Reacting to the allegation, the Chief Medical Director, Federal Medical Centre, Owerri , Imo State, Dr Kingsley Achigbu,  said  the report was not true.

“It is a big lie.  People keep telling stories all over the place. Why can’t people get responsible?  There is scarcity for protective equipments all over the world, not just in Nigeria.

“When you tell people to make judicious use of these things, it becomes an issue. I have thousands of them in my centre. People don’t understand that at the height of this shut-down, some things are no longer coming into the country. I don’t understand Nigerians. They want to pull down everything.

“We have to give it to those at the front line. Nobody can say he or she cannot do anything in FMC because there are no gloves.  COVID-19 is not just about wearing gloves, it is not the patients that is supposed to be your only problem.

“The door handles and the things you touched. People are advised to wash their hands with soap but if you need gloves, that has to do with what you want to do in the hospital, we have gloves.  I don’t even know where this is coming from.

“FMC Owerri is about the largest in the country, even bigger than some teaching hospitals.  And FMC became ready for COVID-19 much more before any other centre.”

On locally-made masks, he noted that Nigerians had huge problems, saying “there are many types of masks, N-95, etc, surgical mask, there are even home-made masks, each one applies to the area it is needed.
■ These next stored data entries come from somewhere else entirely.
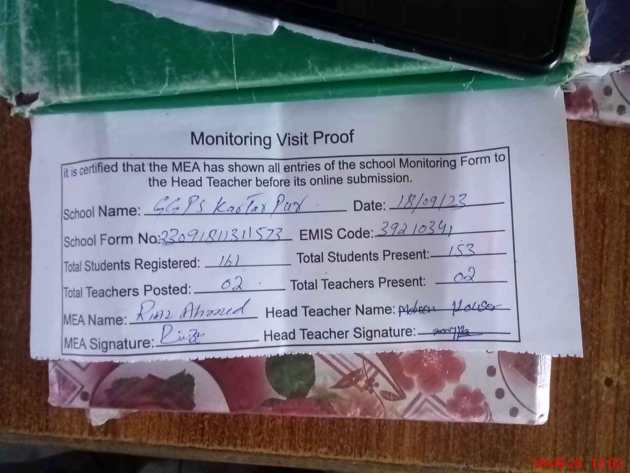 | EMIS Code: 39210341 | Name of School: GGPS KARTAR PUR PAKPATTAN | |||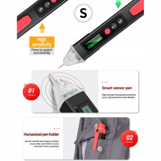 1 x bezdotykowy detektor napięcia AC (baterie nie są dołączone).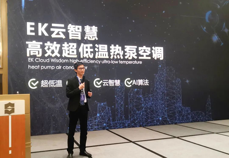 本次會議以“低碳設計,智慧運行”為主題,圍繞建筑環境營造低碳技術、近零能耗建筑、清潔供熱技術與設備、智慧能源等國內外熱點方向開展研討交流。EK空調產品經理陳旭金以《EK云智慧高效超低溫熱泵空調》為主題發表演講,和現場嘉賓介紹了普通風冷熱泵和超低溫空氣源熱泵的區別、EK超低溫熱泵的發展歷史、產品陣容、系統優勢以及在嚴寒地區各行業的應用案例。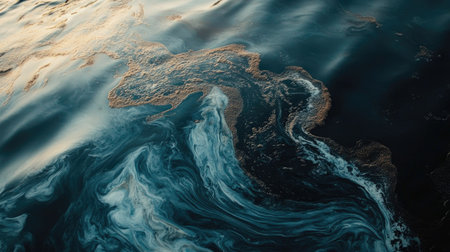 A close-up of oil spills mixing with seawater, creating swirling patterns of dark oil and light water, highlighting the stark contrast.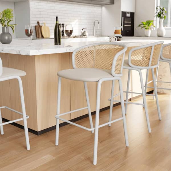 Ervilla Modern Wicker Bar Stool with Fabric Seat and White Powder Coated Steel Frame, Set of 2 (Beige)

You cannot wear a cloth mask to go into the theatre, you will need a N-95 mask; you cannot wear a cloth mask to triage a suspected COVID-19 case.  Masks are applied based on the area they are needed. If somebody is a cleaner, you don’t give him or her a N-95 masks.’’

A triage is a process of sorting people based on their needs for immediate treatment.  It is usually done in emergency room.

Life insurance for LUTH staff

In response, the management of Lagos University Teaching Hospital, LUTH, said it had approved life insurance for all staff working to help rid Nigeria of COVID-19.

Chief Medical Director of LUTH, Prof Chris Bode, who acknowledged the difficulties involved in managing the condition, said the hospital is working closely with the Nigeria Centre for Disease Control, NCDC, and Federal Ministry of Health, FMoH, to contain the disease.

“To ensure proper protection of staff, Bode said front-line officers must wear N-95 masks and stay at least six feet away while triaging any patient and will call in the Infectious Diseases Unit to see any suspected case.

“We shall do this with love of each other and care for our patients. We shall give respect and dignity to each other as COVID-19 warriors and patients to whom we represent the only hope in these difficult days. Non-resident staff working on this will be housed within or near LUTH.”

Bode encouraged health workers of the institution not to resign to fears and give hope and care to those who need them to be brave.